Es sei völlig unverständlich, „dass man vergessen hat, dass Impfschutz zu den größten medizinischen Errungenschaften der Menschheit gehört“, sagte Biontech-Mitbegründer Huber im Rahmen des Europäischen Forums Alpbach. Heute sterbe nicht mehr jedes vierte Kind an einer vermeidbaren Infektionskrankheit, doch das sei „vergessen worden, und das ist nicht gut“, sagte er. Michaela Fritz, Vizerektorin der Medizinischen Universität Wien, ortete ein „Präventions-Paradoxon“: Österreich sei recht rasch und effizient bei den ersten Infektionswelle gewesen und habe glücklicherweise nicht diese Tausenden Toten gehabt, wodurch „diese tiefe Betroffenheit“ fehle. Dadurch würden sich auch lange unfundierte Nutzen-Risiko-Abwägungen halten. Zudem sei der wissenschaftliche Diskurs sehr in die Öffentlichkeit gerückt, und das habe nicht das Vertrauen in die Wissenschaft gestärkt. „Diesen Prozess muss man wieder zurückholen aus der Öffentlichkeit“, sagte Fritz.

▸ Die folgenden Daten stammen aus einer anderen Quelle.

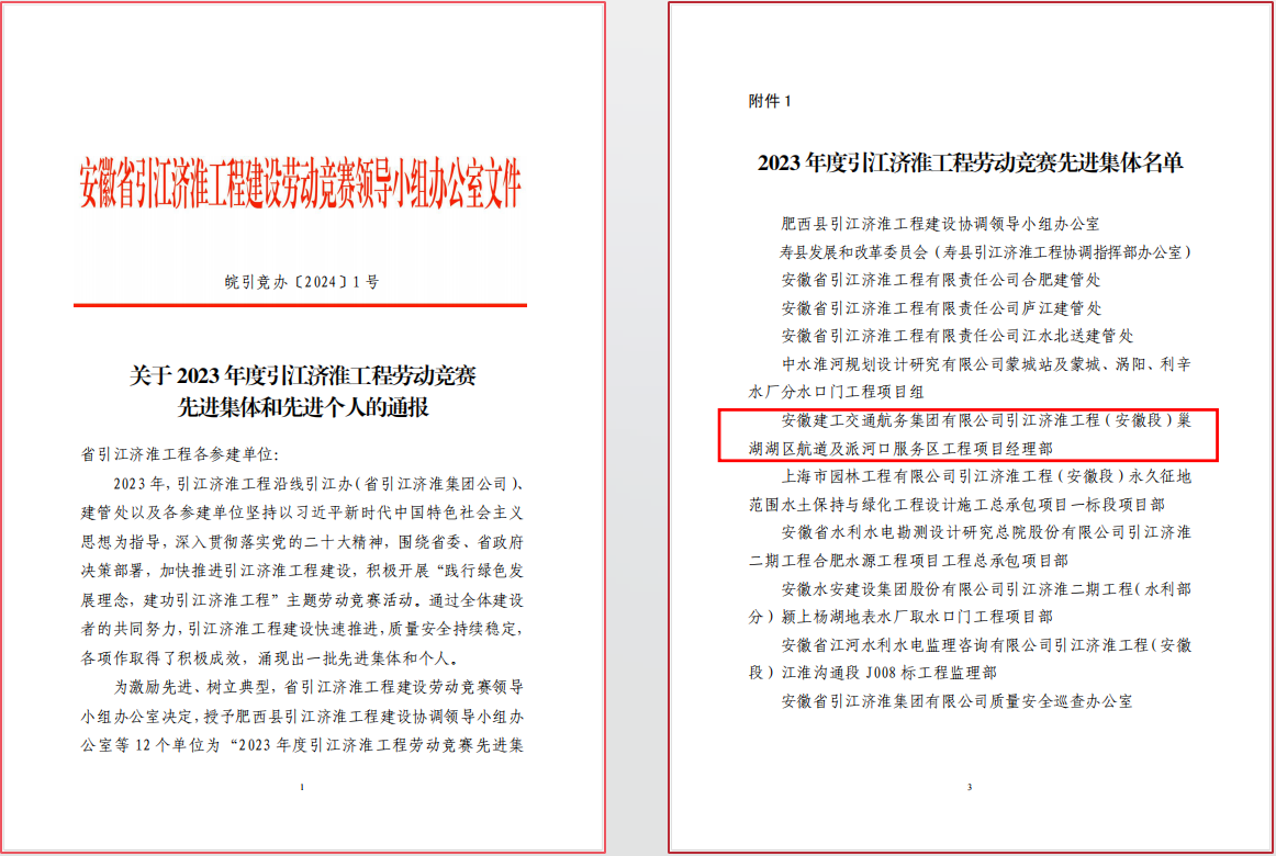 近日,水建分公司引江濟(jì)淮工程(安徽段)巢湖湖區(qū)航道及派河口服務(wù)區(qū)工程項(xiàng)目經(jīng)理部榮獲2023年度引江濟(jì)淮工程先進(jìn)集體。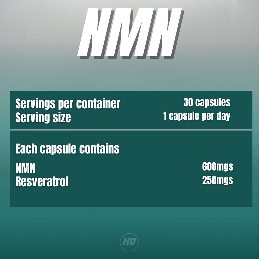 NMN (Nicotinamide Mononucleotide) 600 mg Precursor to NAD⁺, supports cellular energy, DNA repair, and healthy aging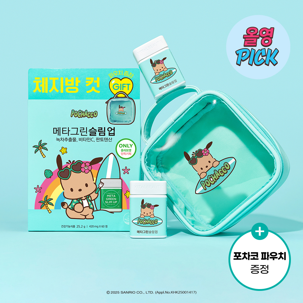탄닝 포차코 에디션 VITALBEAUTIE 메타그린 슬림업 30정 세트 파우치 포함, 체중 감량 효과 기대 원래 가격 $42.00, 현재 $13.01 (할인 69%)

Befragt, wie er sich die vielen Menschen erkläre, die sich nicht gegen SARS-CoV-2 impfen lassen, meinte Huber bei einer Diskussion zum Thema „Science for life“, dass die Dinge ein bisschen schnell gelaufen seien und wenig Spielraum für eine strukturierte Aufklärung zugelassen haben. Der Industrielle Hannes Androsch, ehemaliger Vorsitzende des Forschungsrats (RFTE), macht „zum Teil verheerende Krisenkommunikation, festgemacht an den verheerenden Auftritten von Impfgegner wie Trump“, für die vielen Impfskeptiker verantwortlich. Dazu seien Streitereien zwischen den Virologen aus Profilierungsneigungen gekommen, „dass da Unsicherheit unter den Menschen entsteht, braucht nicht zu wundern“.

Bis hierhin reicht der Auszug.